35. The method of claim 1, further comprising, prior to using a processing engine to optimise estimated proportion values, determining the prevalence of the segments in at least the first and second samples from frequencies of the segments in sequencing data from at least the first and second samples.

36. The method of claim 1, wherein segments that do not correlate with the plurality of genomes (“unmapped segments”) are categorised as paired end reads or not paired end reads and categorisation information is utilised to refine proportion values.

37. The method of claim 1, wherein a plurality of algorithms is employed to determine proportion values.

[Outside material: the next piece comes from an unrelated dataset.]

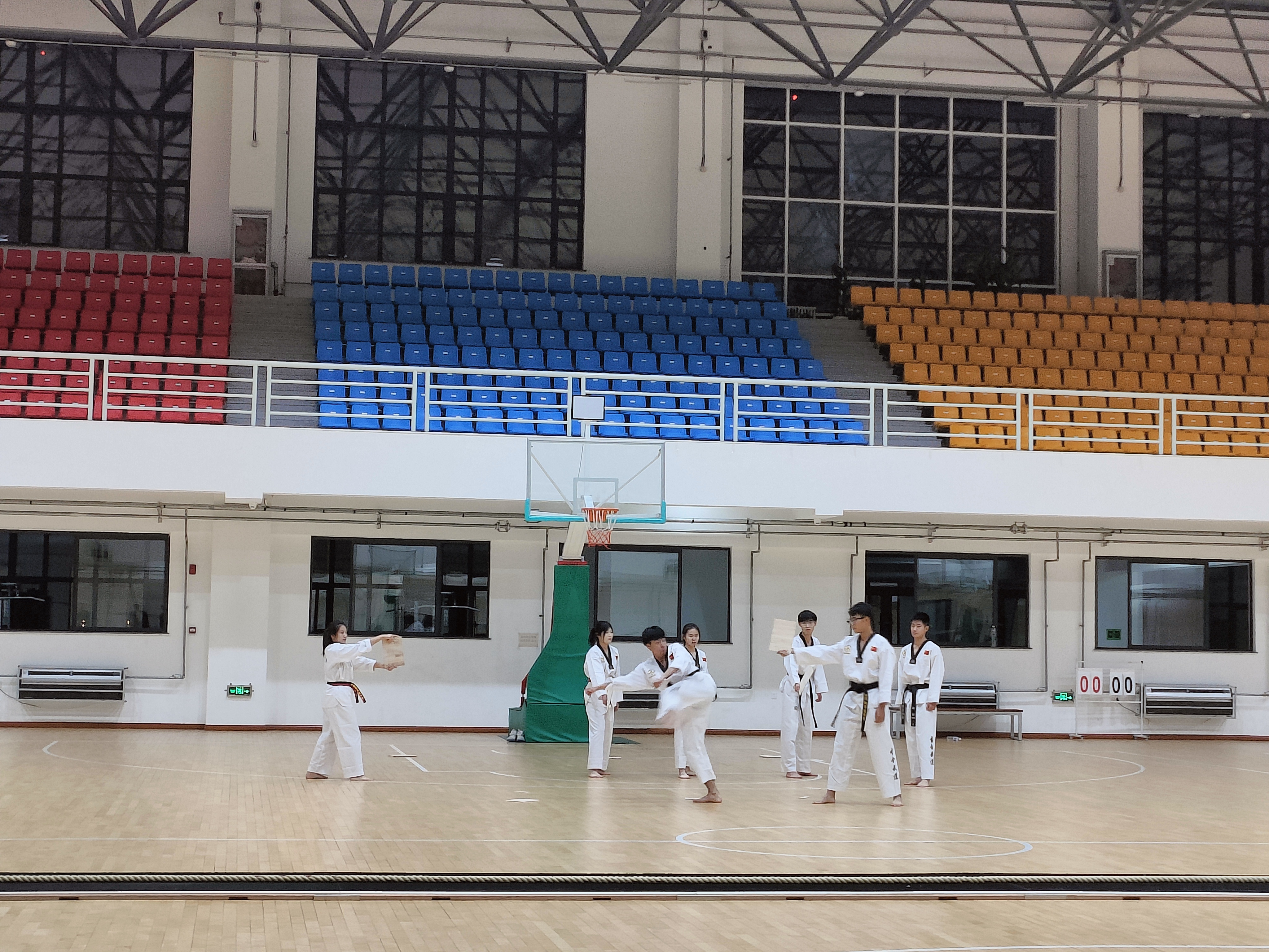 紧接着,由邹立昌老师担任领队的跆拳道队带来开幕式演出。在刚刚结束的2023年吉林省学生跆拳道锦标赛中,我院取得了五金三银的优异成绩,被大会评为“优秀组织奖”。他们用潇洒的武姿和精准的动作,向世人展现了跆拳道这项运动的独特魅力。

38. The method of claim 37 wherein the algorithms are applied in an order depending upon one or more processing metrics comprising: the speed of each algorithm; the precision of each algorithm; the number of segments in the sample; the number of segments in the genomes; the number of genomes; the nature of the sample; the available processing resource; and the required confidence level for the proportion values.

39. The method of claim 1, wherein at least the first and second samples comprise DNA segments, the DNA segments are converted to protein segments, and the prevalence of proteins encoded in at least the first and second samples is determined by comparing the converted protein segments to a library of protein segments.

40. The method of claim 38 further comprising determining the abundance of one or more genomes in at least the first and second samples based on the optimised proportion values and the concentration of genomic material in at least the first and second samples.